◆ What the task asks:
Repeat the entries that follow verbatim, without any of their pictures.

Dataset items
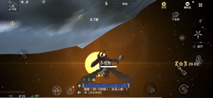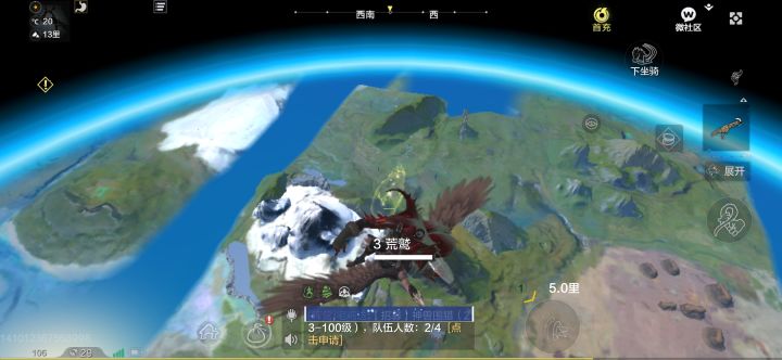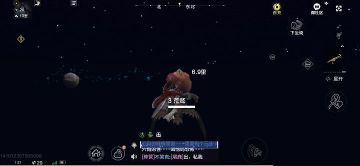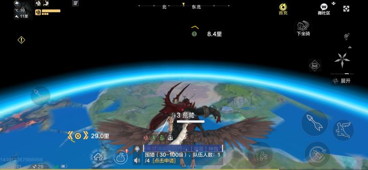 然后是在宇宙中飞行如何续航的问题。众所周知,由于宇宙中是真空的(X),所以异兽在飞行的过程中所受到的阻力是最小的。但在妄想山海里,由于山海地球的引力过大,所以我们要想保持零阻力飞行,就需要找到引力与真空带的平衡点。根据我的经验,就是在异兽的飞行轨迹与地面水平的时候,在这种情况下,我们的耐力条是不会动的,即便你按下加速键也不会消耗的那种(不过记得转向的幅度不要太大,免得一头栽回地球就前功尽弃了)。
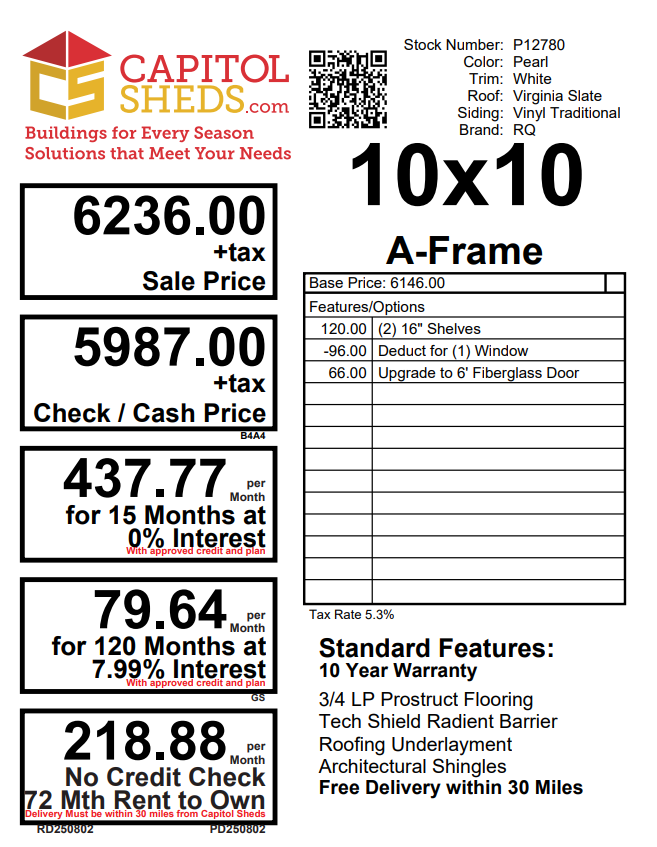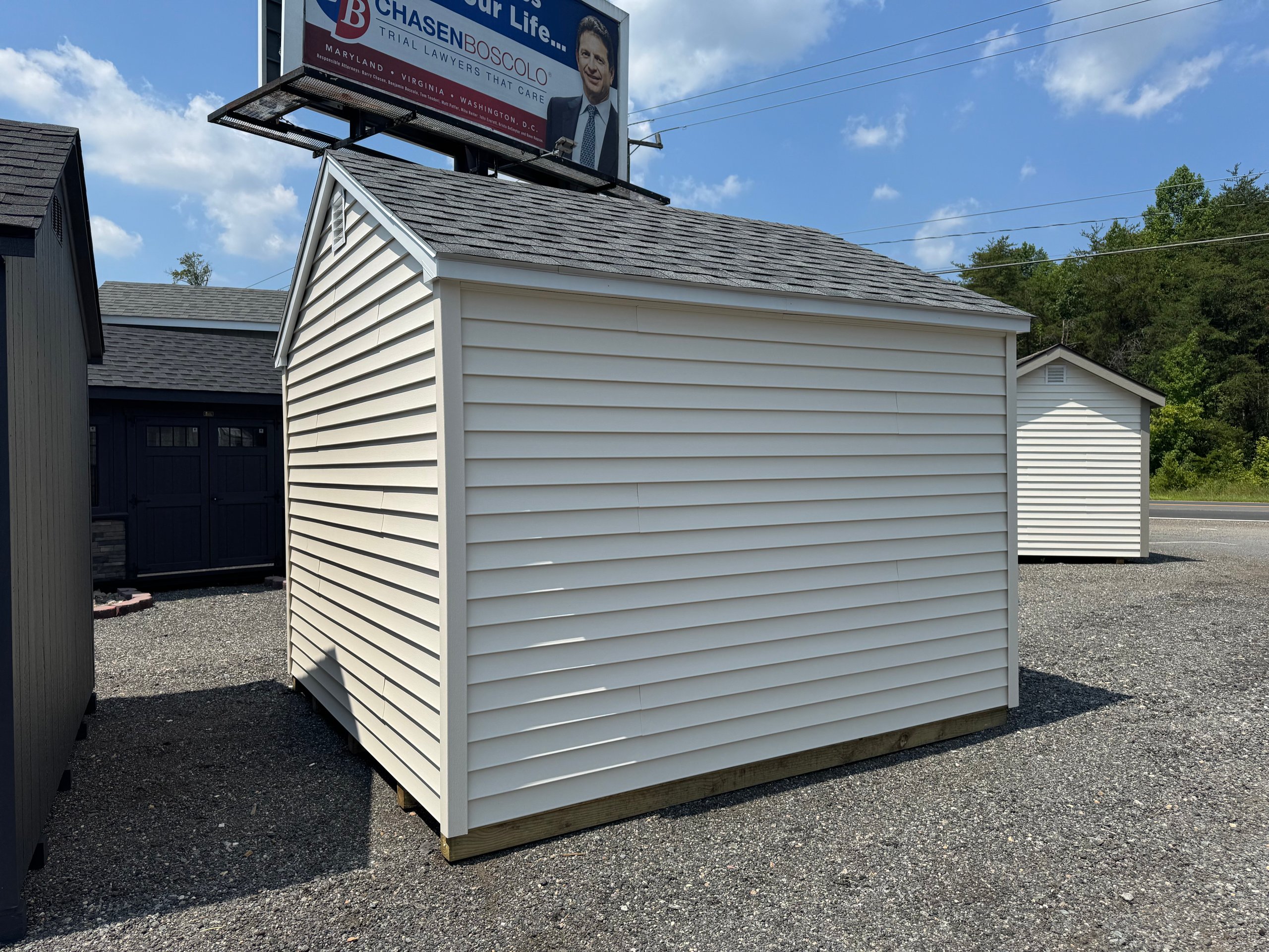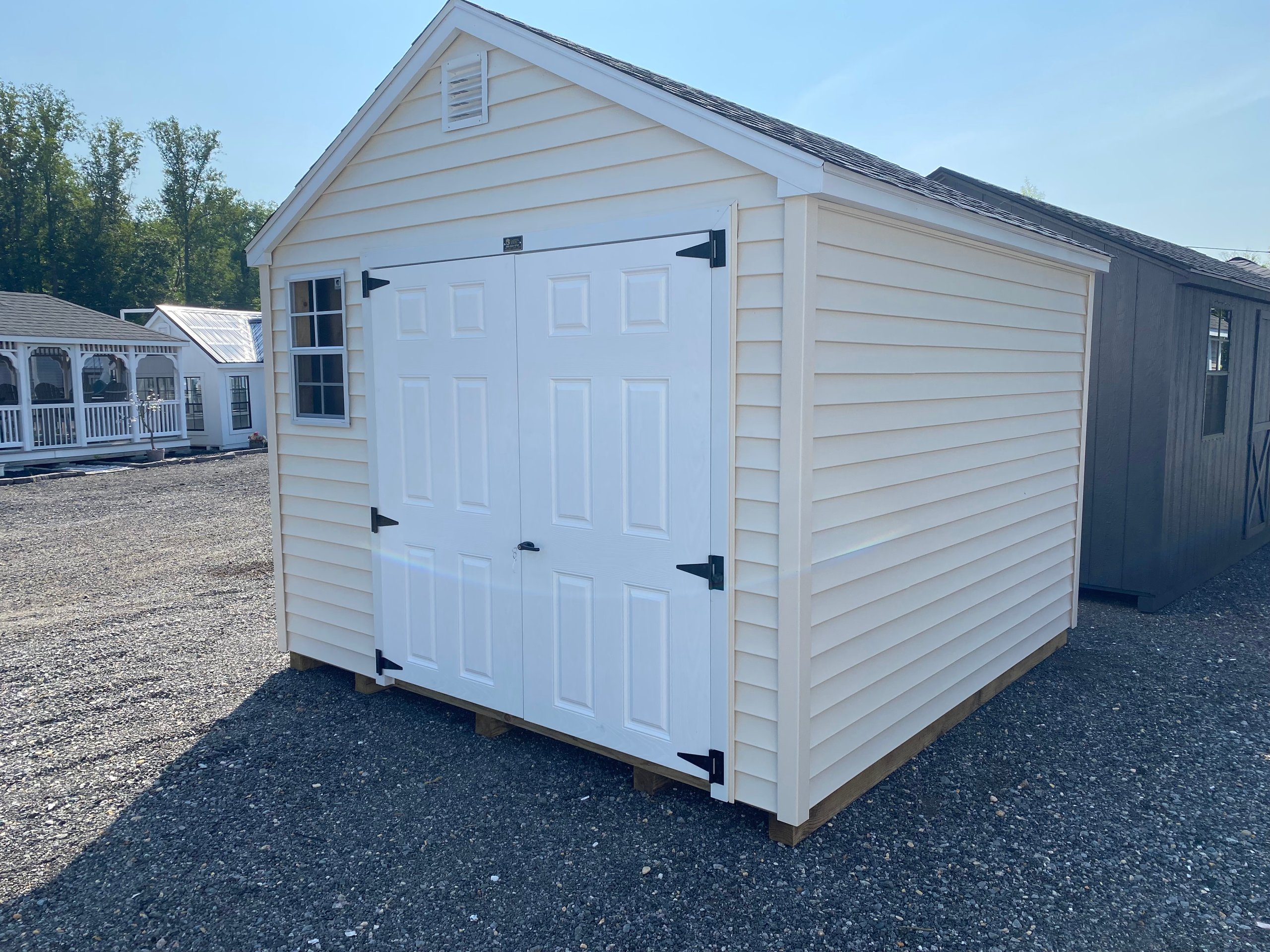 Built with Amish craftsmanship, this 10×10 A-Frame storage shed offers durable, low-maintenance vinyl siding in Pearl with clean white trim. The Virginia Slate architectural shingles and LP Tech Shield roof sheathing help regulate interior temperatures year-round. Inside, you’ll find 2×4 framing throughout, a pressure-treated floor system, and LP Prostruct Flooring for long-term strength. The upgraded 6-foot double doors provide easy access, complemented by a single window for light. Two 16″ interior shelves are included for added storage efficiency. Ideal for homeowners seeking compact, quality-built storage that blends seamlessly with the backyard.
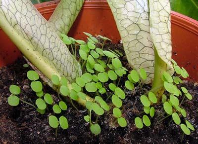 Добрый день.Мне недавно отрезали детку микросорума мусифолии(извините если неправельно назвала)с треугольничком почвы.я его посадила,и вдруг...(посмотрите на фото)стала куча ростков и я подумала вдруг это папоротнички из спор.сорняки у меня тоже иногда ростут но обычно 1,2 ,а тут такое количество.Подскажите,можно ли надеяться,что у меня будет столько папоротников.
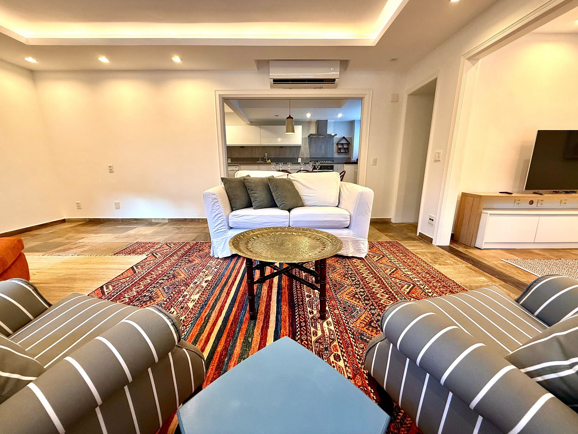 A sala de estar é muito ampla, com ar condicionado, cortina automatizada e é ideal para ter momentos especiais de lazer com amigos e família.
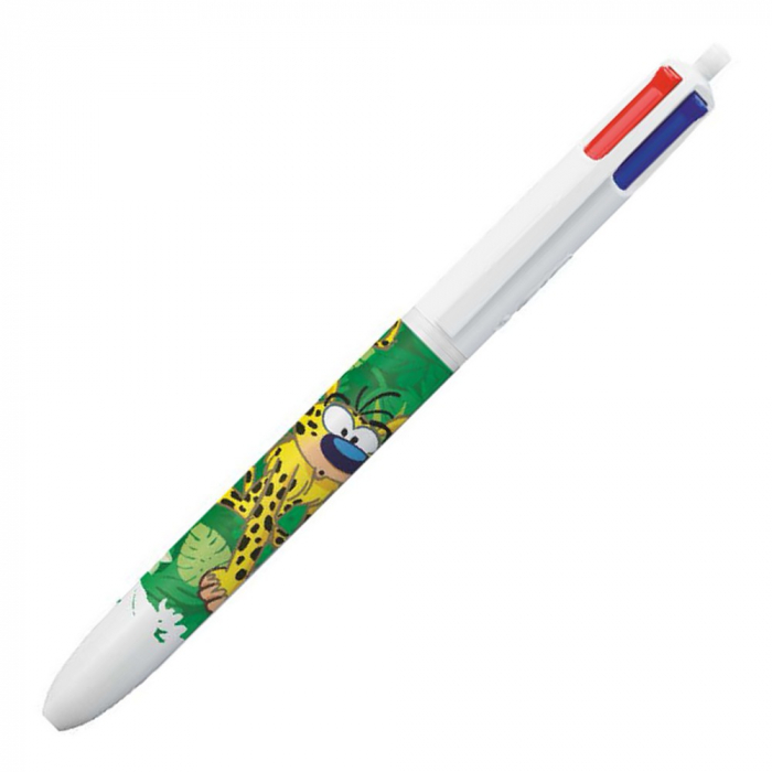 Práctico e indispensable, el bolígrafo de 4 colores te permite cambiar fácilmente de azul, negro, rojo a verde, sin cambiar de bolígrafo. Sus puntas medianas de 1,0 mm garantizan un trazo suave y preciso, con una larga duración (hasta 2 km por color). ¡Imprescindible para escribir, colorear, organizar… y revivir cada día las aventuras del Marsupilami !
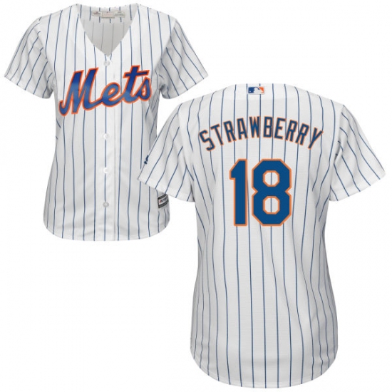 Home>MLB>New York Mets>Darryl Strawberry>Women's Majestic New York Mets #18 Darryl Strawberry Replica White Home Cool Base MLB Jersey
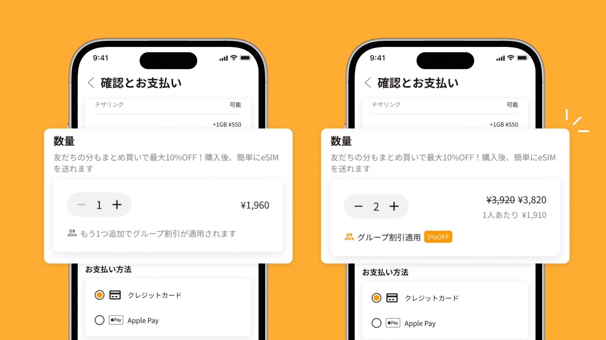 これにより、eSIMをまとめて購入し、友だちや家族に簡単に送れるようになりました!さらに、まとめ買いで割引が適用されるため、まとめて購入するほどお得になります!
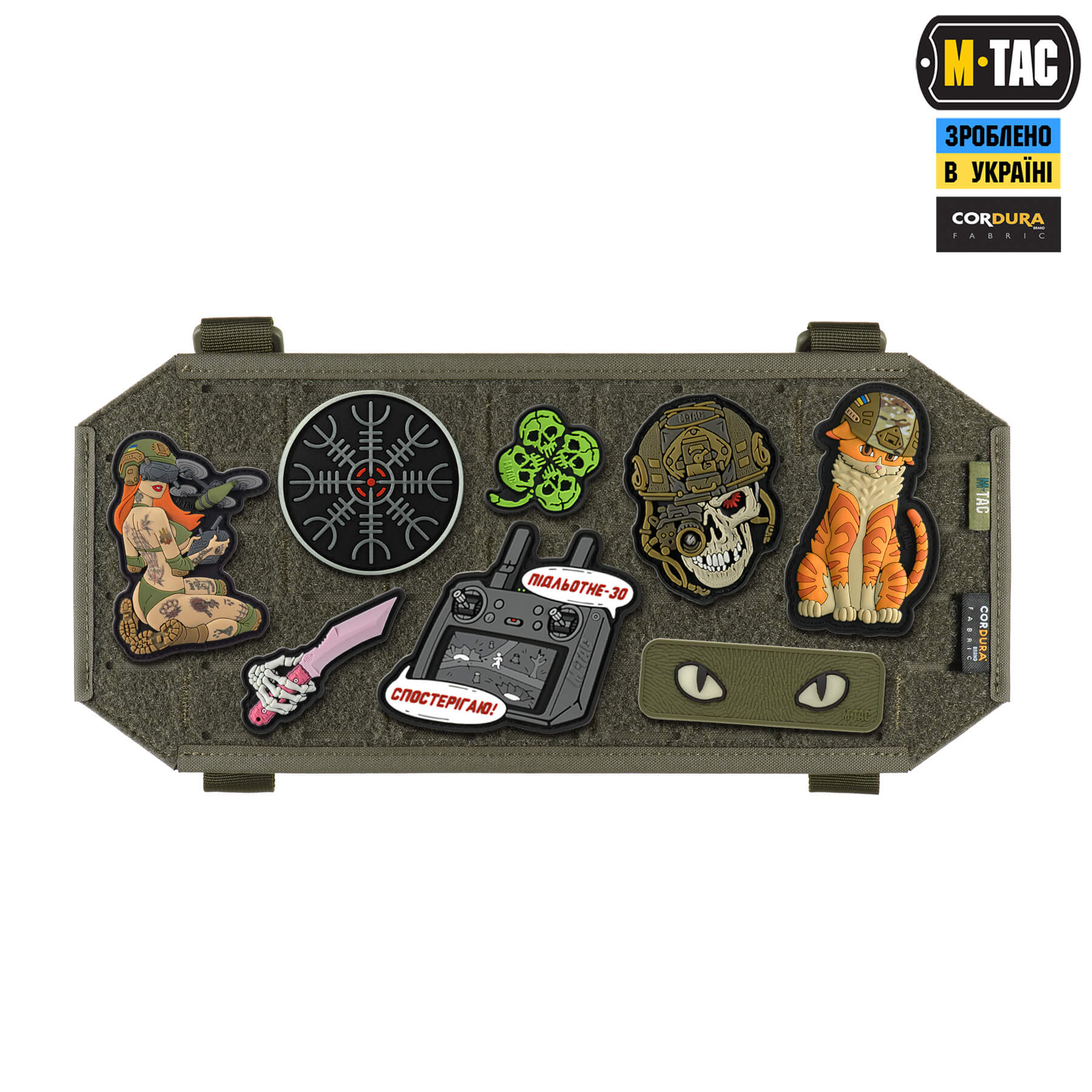 M-TAC ВЕЛКРО-ПАНЕЛЬ НА АВТОМОБІЛЬНИЙ СОНЦЕЗАХИСНИЙ ВІЗОР ELITE – допоможе зручно розмістити улюблені нашивки та патчі у вашому авто.  Панель фіксується за допомогою нейлонових строп із велкро-липучками, а MOLLE-система забезпечує варіативність кріплення до різних сонцезахисних візарів (шляхом переміщення кріплень). Передня частина панелі виконана з велкро полотна, на яке нашивки легко чіпляються та надійно тримаються (нашивки на зображенні – є демонстрацією можливого розташування, в комплекті не йдуть).  Задня частина виконана з Cordura 500D та Cordura Squadron – міцних матеріалів, які забезпечують захист від механічних пошкоджень та тривалий термін експлуатації. Для підвищення зносостійкості, внутрішня частина панелі виконана з ABS пластику.

◆ Written solution:
 然后是在宇宙中飞行如何续航的问题。众所周知,由于宇宙中是真空的(X),所以异兽在飞行的过程中所受到的阻力是最小的。但在妄想山海里,由于山海地球的引力过大,所以我们要想保持零阻力飞行,就需要找到引力与真空带的平衡点。根据我的经验,就是在异兽的飞行轨迹与地面水平的时候,在这种情况下,我们的耐力条是不会动的,即便你按下加速键也不会消耗的那种(不过记得转向的幅度不要太大,免得一头栽回地球就前功尽弃了)。
 Built with Amish craftsmanship, this 10×10 A-Frame storage shed offers durable, low-maintenance vinyl siding in Pearl with clean white trim. The Virginia Slate architectural shingles and LP Tech Shield roof sheathing help regulate interior temperatures year-round. Inside, you’ll find 2×4 framing throughout, a pressure-treated floor system, and LP Prostruct Flooring for long-term strength. The upgraded 6-foot double doors provide easy access, complemented by a single window for light. Two 16″ interior shelves are included for added storage efficiency. Ideal for homeowners seeking compact, quality-built storage that blends seamlessly with the backyard.
 Добрый день.Мне недавно отрезали детку микросорума мусифолии(извините если неправельно назвала)с треугольничком почвы.я его посадила,и вдруг...(посмотрите на фото)стала куча ростков и я подумала вдруг это папоротнички из спор.сорняки у меня тоже иногда ростут но обычно 1,2 ,а тут такое количество.Подскажите,можно ли надеяться,что у меня будет столько папоротников.
 A sala de estar é muito ampla, com ar condicionado, cortina automatizada e é ideal para ter momentos especiais de lazer com amigos e família.
 Práctico e indispensable, el bolígrafo de 4 colores te permite cambiar fácilmente de azul, negro, rojo a verde, sin cambiar de bolígrafo. Sus puntas medianas de 1,0 mm garantizan un trazo suave y preciso, con una larga duración (hasta 2 km por color). ¡Imprescindible para escribir, colorear, organizar… y revivir cada día las aventuras del Marsupilami !
 Home>MLB>New York Mets>Darryl Strawberry>Women's Majestic New York Mets #18 Darryl Strawberry Replica White Home Cool Base MLB Jersey
 これにより、eSIMをまとめて購入し、友だちや家族に簡単に送れるようになりました!さらに、まとめ買いで割引が適用されるため、まとめて購入するほどお得になります!
 M-TAC ВЕЛКРО-ПАНЕЛЬ НА АВТОМОБІЛЬНИЙ СОНЦЕЗАХИСНИЙ ВІЗОР ELITE – допоможе зручно розмістити улюблені нашивки та патчі у вашому авто.  Панель фіксується за допомогою нейлонових строп із велкро-липучками, а MOLLE-система забезпечує варіативність кріплення до різних сонцезахисних візарів (шляхом переміщення кріплень). Передня частина панелі виконана з велкро полотна, на яке нашивки легко чіпляються та надійно тримаються (нашивки на зображенні – є демонстрацією можливого розташування, в комплекті не йдуть).  Задня частина виконана з Cordura 500D та Cordura Squadron – міцних матеріалів, які забезпечують захист від механічних пошкоджень та тривалий термін експлуатації. Для підвищення зносостійкості, внутрішня частина панелі виконана з ABS пластику.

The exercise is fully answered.